Patent application title: METHOD AND APPARATUS FOR INSERTING SPRINGS INTO A GROOVE
Guido Schulte (Ruthen-Meiste, DE)
IPC8 Class: AB23P1102FI
Class name: Method of mechanical manufacture assembling or joining with prestressing of part
Publication date: 2011-04-28
Patent application number: 20110094083
The invention relates to a method for inserting a spring (3) into a
longitudinal-side or head-side groove (4) of element panels (5) which can
be laid in combination, wherein the element panels (5) can be locked
together by means of a movement of the spring (3) relative to the element
panels (5), having the following steps: a) providing springs (3) on a
supply belt (6), wherein the springs (3) are releasably connected to the
supply belt (6); b) detaching the springs (3) from the supply belt (6);
c) moving the springs (3) into the groove (4) of a provided element panel
18. A method for inserting a spring into a longitudinal-side or head-side groove of element panels constructed to be installed in an interlocked fashion through movement of the spring relative to the element panels, comprising the steps of: a) providing springs on a supply belt, wherein the springs are releasably attached to the supply belt; b) detaching the springs from the supply belt; and c) moving the springs into the groove of an element panel.
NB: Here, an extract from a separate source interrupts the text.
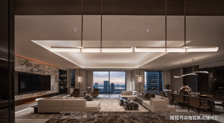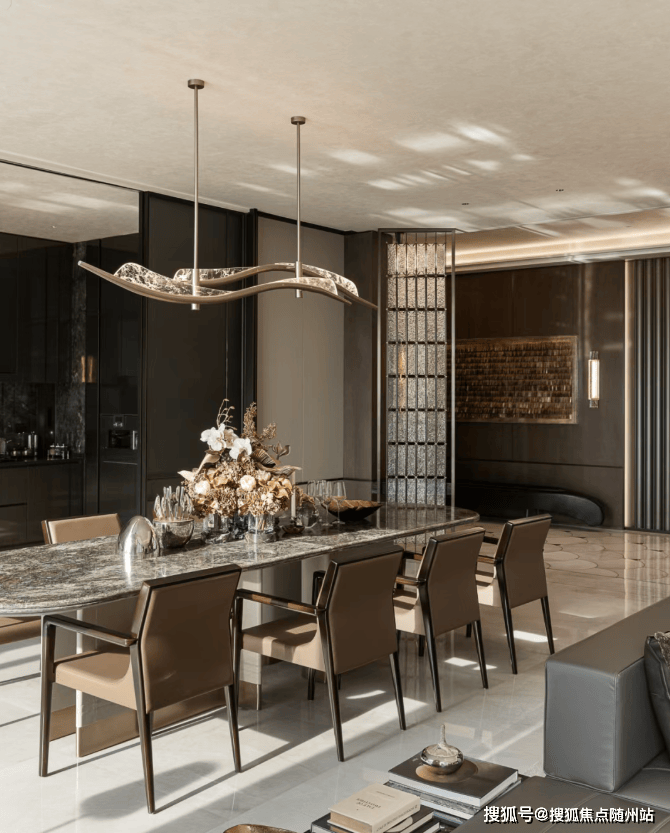 长桌石材深沉的纹理,在餐厅内映衬着波浪形吊灯,光影在金属与石面间流转。暮色下,餐椅围合出附有礼序的交流场域,光线沿着窗边柜体,映照出餐叙时刻的暖意。

19. The method of claim 18, wherein the springs are releasably attached to the supply belt at least in regions by adhesive bonding.
20. The method of claim 18, wherein the springs are releasably attached to the supply belt at least in regions by clamping.
21. The method of claim 18, wherein the supply belt with the springs is provided as a wound coil.
22. The method of claim 18, wherein moving the springs into the groove further comprises the steps of: transferring the springs from the supply belt to a belt conveyor; transferring the springs from the belt conveyor to a transport rail; and delivering the springs via the transport rail to an insertion unit for insertion into the groove.
23. The method of claim 22, wherein the belt conveyor has catches arranged on a transport band, with the catches grasping the springs and moving the springs towards the transport rail.
24. The method of claim 22, wherein the supply belt is carried along by the belt conveyor by way of the adhesively bonded springs.
25. The method of claim 22, wherein the supply belt is pulled at a speed that is synchronized with a speed of the belt conveyor.
26. The method of claim 18, wherein the springs are free from adhering adhesive when inserted into the groove of the element panel.
27. An apparatus for inserting a spring into a longitudinal-side or head-side groove of element panels constructed to be installed in an interlocked fashion through movement of the spring relative to the element panels, comprising: a) means for providing an element panel to be equipped with a spring, b) a storage unit for receiving the supply belt provisioned with springs, c) a belt conveyor making contact with the springs arranged on the supply belt, d) a transport rail for transporting onward the springs detached from the supply belt, and e) an insertion unit constructed to insert the springs into a groove of the element panel.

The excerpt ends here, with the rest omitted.